Stored items from a collection
= = = = =

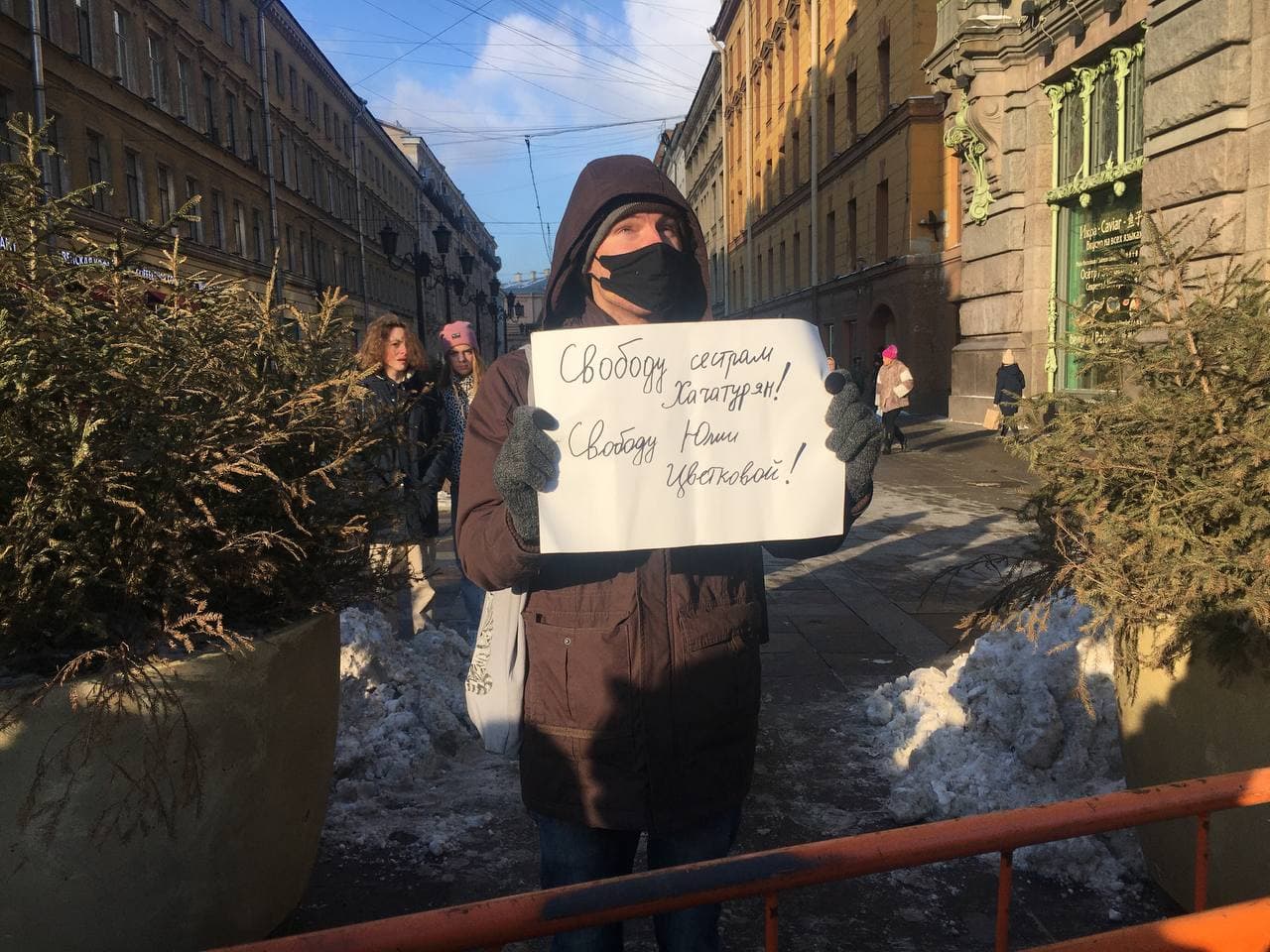 Днем 8 марта на Малой Садовой улице в центре Петербурга прошли одиночные пикеты против дискриминации и насилия и за равные права. Об этом сообщает корреспондент «Бумаги».
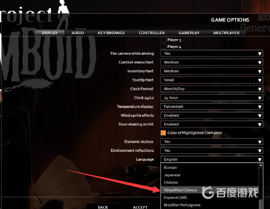 首頁 僵屍毀滅工程 問答 僵屍毀滅工程怎麼設置中文? 2023-02-10 1、首先打開游戲的主頁,並在左側的選項中找到options。2、進入後點擊DISPLAY,在該設置頁面下滑,找到最下面的language選項。3、最後找到Simplified Chinese(簡體中文)即可設置。
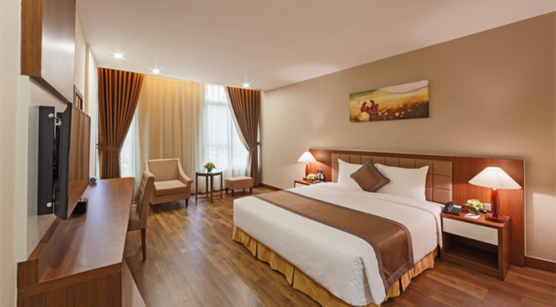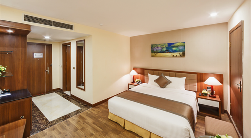 - Phòng ngủ hạng Deluxe hướng thành phố với nội thất sang trọng mà không kém phần ấm cúng trang nhã.
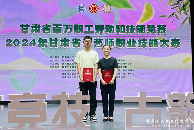 近日,由甘肃省经贸工会工作委员会、甘肃省茶叶流通协会主办的甘肃省百万职工劳动和技能竞赛2024年甘肃省茶艺师职业技能大赛决赛在西北师范大学圆满落幕。甘肃工业职业技术学院派出3名参赛队员参加本次大赛,经过激烈角逐,甘肃工业职业技术学院教师吴建华、学生张宸翔荣获优胜奖,学校荣获优秀组织奖。
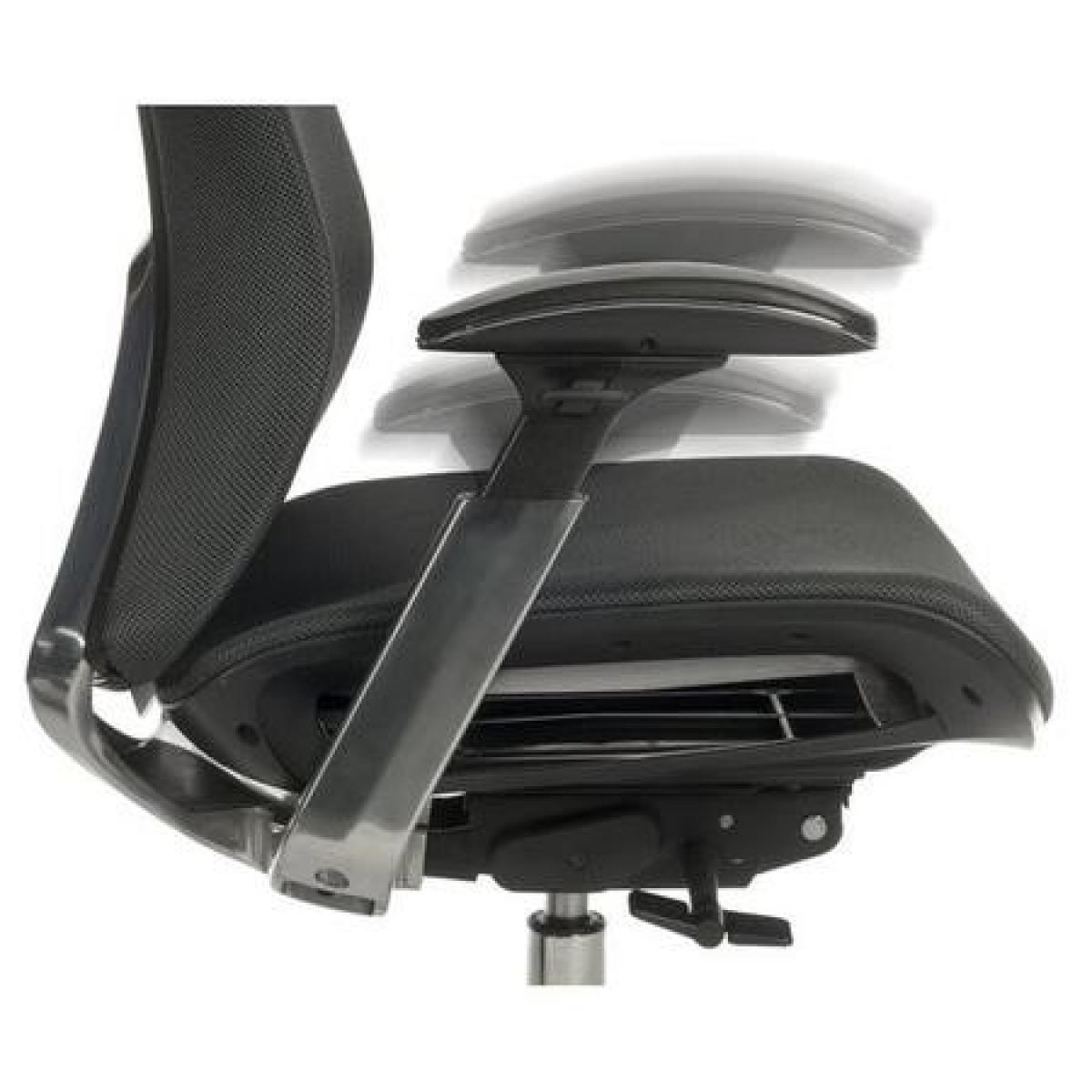This office chair strikes a great balance between functionality and modern style, making it an ideal choice for contemporary workspaces. I love its sleek black frame and mesh back, which add a touch of minimalism while ensuring breathability during long working hours. It works well in minimalist or industrial interiors, particularly paired with monochrome schemes or textured materials like concrete and wood. For styling tips, keep your desk area clean and uncluttered to highlight the chair’s clean lines, and consider adding soft accessories like a patterned cushion or colour-coordinated desk accessories to bring in a touch of personality without overwhelming the look. It's a practical yet stylish addition that complements most professional setups.
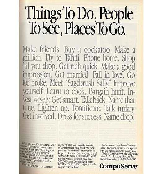 在 AOL 出現之前,CompuServe 為人們提供了一個通往早期網路的入口。這則廣告試圖解釋你可以在網路上做的所有酷炫的事情——包括在 100 多家商店購物!
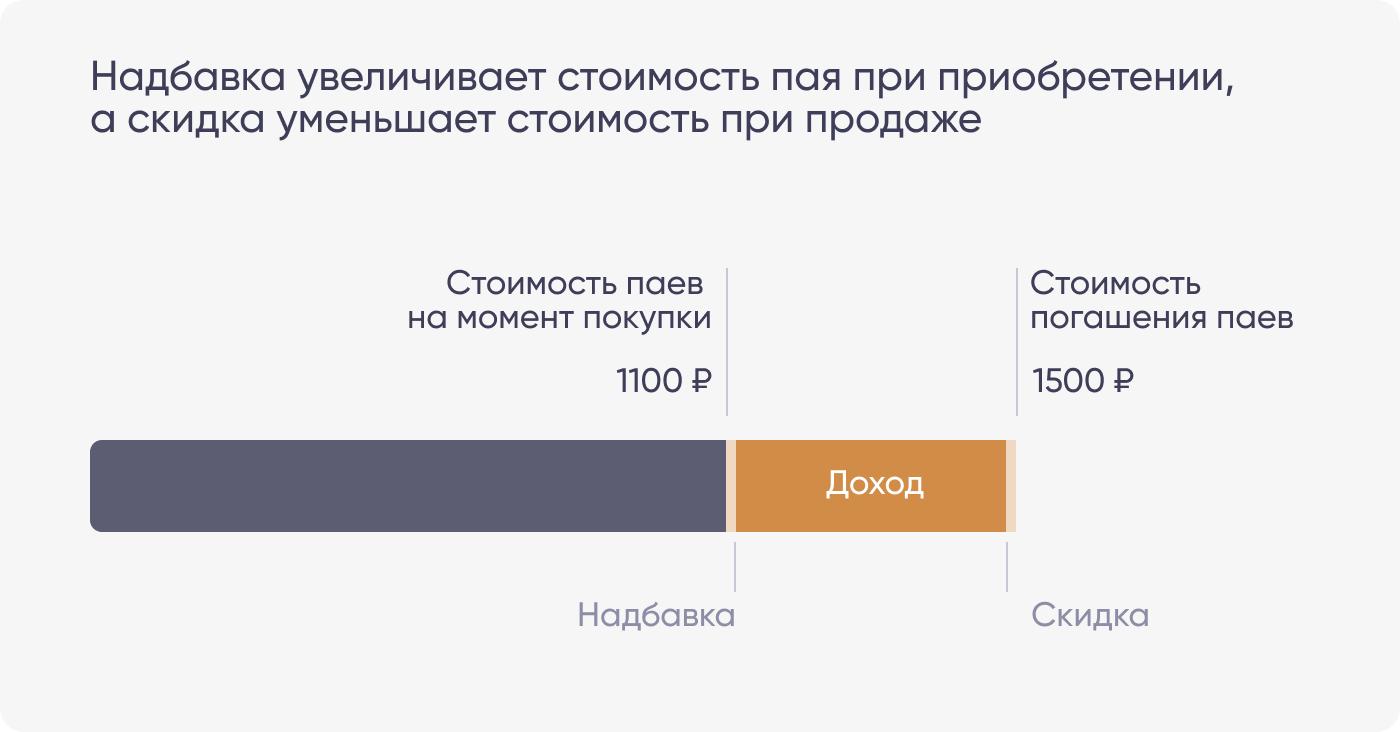 В итоговой прибыли инвестора важно учитывать расходы. При покупке паев инвестор платит УК надбавку, при продаже — скидку.

= = = = =

__REQUIRED ACTION__: Without any of the pictures, repeat the entries above word for word.

__REPLY__:
 Днем 8 марта на Малой Садовой улице в центре Петербурга прошли одиночные пикеты против дискриминации и насилия и за равные права. Об этом сообщает корреспондент «Бумаги».
 首頁 僵屍毀滅工程 問答 僵屍毀滅工程怎麼設置中文? 2023-02-10 1、首先打開游戲的主頁,並在左側的選項中找到options。2、進入後點擊DISPLAY,在該設置頁面下滑,找到最下面的language選項。3、最後找到Simplified Chinese(簡體中文)即可設置。
 - Phòng ngủ hạng Deluxe hướng thành phố với nội thất sang trọng mà không kém phần ấm cúng trang nhã.
 近日,由甘肃省经贸工会工作委员会、甘肃省茶叶流通协会主办的甘肃省百万职工劳动和技能竞赛2024年甘肃省茶艺师职业技能大赛决赛在西北师范大学圆满落幕。甘肃工业职业技术学院派出3名参赛队员参加本次大赛,经过激烈角逐,甘肃工业职业技术学院教师吴建华、学生张宸翔荣获优胜奖,学校荣获优秀组织奖。
This office chair strikes a great balance between functionality and modern style, making it an ideal choice for contemporary workspaces. I love its sleek black frame and mesh back, which add a touch of minimalism while ensuring breathability during long working hours. It works well in minimalist or industrial interiors, particularly paired with monochrome schemes or textured materials like concrete and wood. For styling tips, keep your desk area clean and uncluttered to highlight the chair’s clean lines, and consider adding soft accessories like a patterned cushion or colour-coordinated desk accessories to bring in a touch of personality without overwhelming the look. It's a practical yet stylish addition that complements most professional setups.
 在 AOL 出現之前,CompuServe 為人們提供了一個通往早期網路的入口。這則廣告試圖解釋你可以在網路上做的所有酷炫的事情——包括在 100 多家商店購物!
 В итоговой прибыли инвестора важно учитывать расходы. При покупке паев инвестор платит УК надбавку, при продаже — скидку.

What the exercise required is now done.